WHAT NEEDS TO BE DONE —
Write out each record exactly as it stands. No pictures belong in the copy.

MATERIALS PROVIDED —
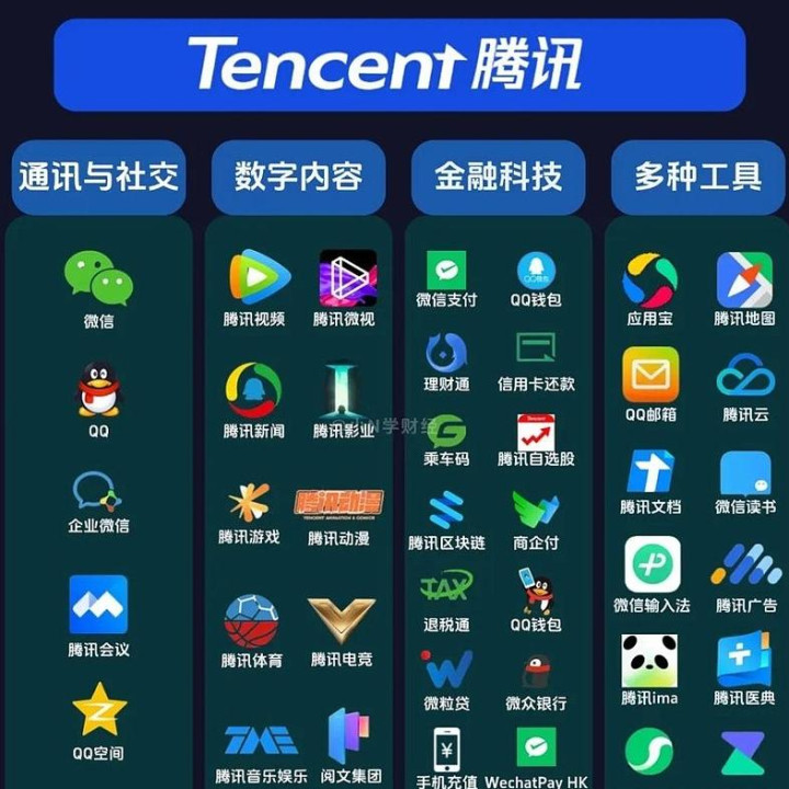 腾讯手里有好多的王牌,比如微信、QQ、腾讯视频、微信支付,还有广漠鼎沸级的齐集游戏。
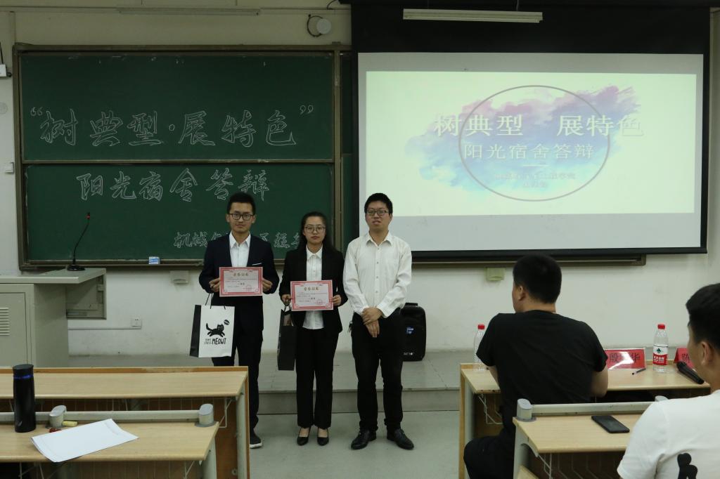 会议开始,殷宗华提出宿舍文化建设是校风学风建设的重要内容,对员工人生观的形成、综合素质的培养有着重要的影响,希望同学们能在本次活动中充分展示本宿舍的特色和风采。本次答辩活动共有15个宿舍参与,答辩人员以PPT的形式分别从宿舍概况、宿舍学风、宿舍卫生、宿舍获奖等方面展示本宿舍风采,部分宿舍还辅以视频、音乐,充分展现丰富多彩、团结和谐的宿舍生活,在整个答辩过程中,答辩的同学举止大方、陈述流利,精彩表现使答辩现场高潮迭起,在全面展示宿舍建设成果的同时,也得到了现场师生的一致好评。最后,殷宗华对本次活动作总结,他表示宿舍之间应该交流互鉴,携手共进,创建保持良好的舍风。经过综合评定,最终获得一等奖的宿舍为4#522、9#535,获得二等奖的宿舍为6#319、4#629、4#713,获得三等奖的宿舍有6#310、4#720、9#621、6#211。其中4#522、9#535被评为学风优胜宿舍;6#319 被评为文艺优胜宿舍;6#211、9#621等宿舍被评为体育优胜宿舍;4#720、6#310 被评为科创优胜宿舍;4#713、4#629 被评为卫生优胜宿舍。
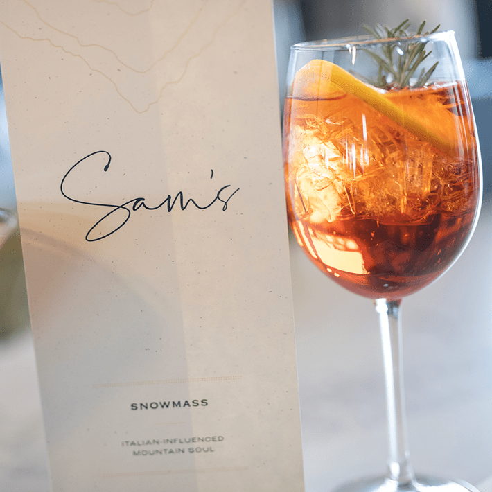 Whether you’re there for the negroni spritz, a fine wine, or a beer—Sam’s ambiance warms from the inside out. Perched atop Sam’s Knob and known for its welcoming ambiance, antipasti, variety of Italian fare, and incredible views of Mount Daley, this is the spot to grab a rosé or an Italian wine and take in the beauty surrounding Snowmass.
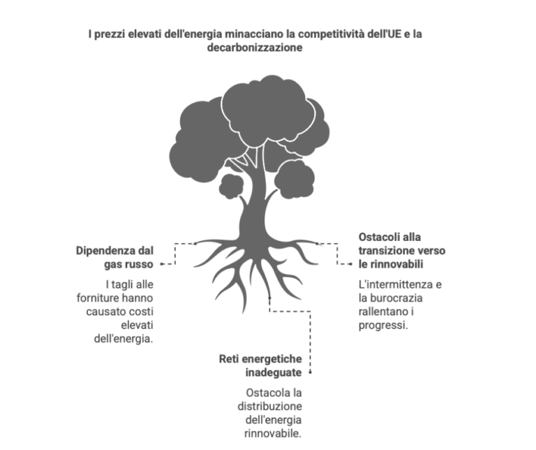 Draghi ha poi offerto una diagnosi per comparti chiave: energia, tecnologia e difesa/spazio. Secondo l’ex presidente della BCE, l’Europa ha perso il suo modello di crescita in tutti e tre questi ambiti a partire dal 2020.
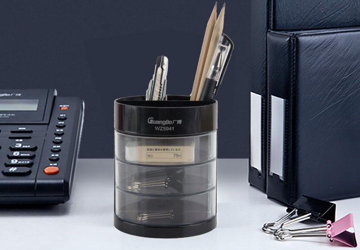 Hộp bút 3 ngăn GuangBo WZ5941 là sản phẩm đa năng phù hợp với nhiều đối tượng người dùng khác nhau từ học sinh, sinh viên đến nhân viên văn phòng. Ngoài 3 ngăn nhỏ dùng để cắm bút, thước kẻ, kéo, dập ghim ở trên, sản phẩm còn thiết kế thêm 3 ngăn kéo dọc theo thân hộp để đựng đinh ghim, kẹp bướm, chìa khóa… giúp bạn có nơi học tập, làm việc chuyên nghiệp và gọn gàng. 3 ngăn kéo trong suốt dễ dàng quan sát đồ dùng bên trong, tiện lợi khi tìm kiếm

TASK OUTPUT —
 腾讯手里有好多的王牌,比如微信、QQ、腾讯视频、微信支付,还有广漠鼎沸级的齐集游戏。
 会议开始,殷宗华提出宿舍文化建设是校风学风建设的重要内容,对员工人生观的形成、综合素质的培养有着重要的影响,希望同学们能在本次活动中充分展示本宿舍的特色和风采。本次答辩活动共有15个宿舍参与,答辩人员以PPT的形式分别从宿舍概况、宿舍学风、宿舍卫生、宿舍获奖等方面展示本宿舍风采,部分宿舍还辅以视频、音乐,充分展现丰富多彩、团结和谐的宿舍生活,在整个答辩过程中,答辩的同学举止大方、陈述流利,精彩表现使答辩现场高潮迭起,在全面展示宿舍建设成果的同时,也得到了现场师生的一致好评。最后,殷宗华对本次活动作总结,他表示宿舍之间应该交流互鉴,携手共进,创建保持良好的舍风。经过综合评定,最终获得一等奖的宿舍为4#522、9#535,获得二等奖的宿舍为6#319、4#629、4#713,获得三等奖的宿舍有6#310、4#720、9#621、6#211。其中4#522、9#535被评为学风优胜宿舍;6#319 被评为文艺优胜宿舍;6#211、9#621等宿舍被评为体育优胜宿舍;4#720、6#310 被评为科创优胜宿舍;4#713、4#629 被评为卫生优胜宿舍。
 Whether you’re there for the negroni spritz, a fine wine, or a beer—Sam’s ambiance warms from the inside out. Perched atop Sam’s Knob and known for its welcoming ambiance, antipasti, variety of Italian fare, and incredible views of Mount Daley, this is the spot to grab a rosé or an Italian wine and take in the beauty surrounding Snowmass.
 Draghi ha poi offerto una diagnosi per comparti chiave: energia, tecnologia e difesa/spazio. Secondo l’ex presidente della BCE, l’Europa ha perso il suo modello di crescita in tutti e tre questi ambiti a partire dal 2020.
 Hộp bút 3 ngăn GuangBo WZ5941 là sản phẩm đa năng phù hợp với nhiều đối tượng người dùng khác nhau từ học sinh, sinh viên đến nhân viên văn phòng. Ngoài 3 ngăn nhỏ dùng để cắm bút, thước kẻ, kéo, dập ghim ở trên, sản phẩm còn thiết kế thêm 3 ngăn kéo dọc theo thân hộp để đựng đinh ghim, kẹp bướm, chìa khóa… giúp bạn có nơi học tập, làm việc chuyên nghiệp và gọn gàng. 3 ngăn kéo trong suốt dễ dàng quan sát đồ dùng bên trong, tiện lợi khi tìm kiếm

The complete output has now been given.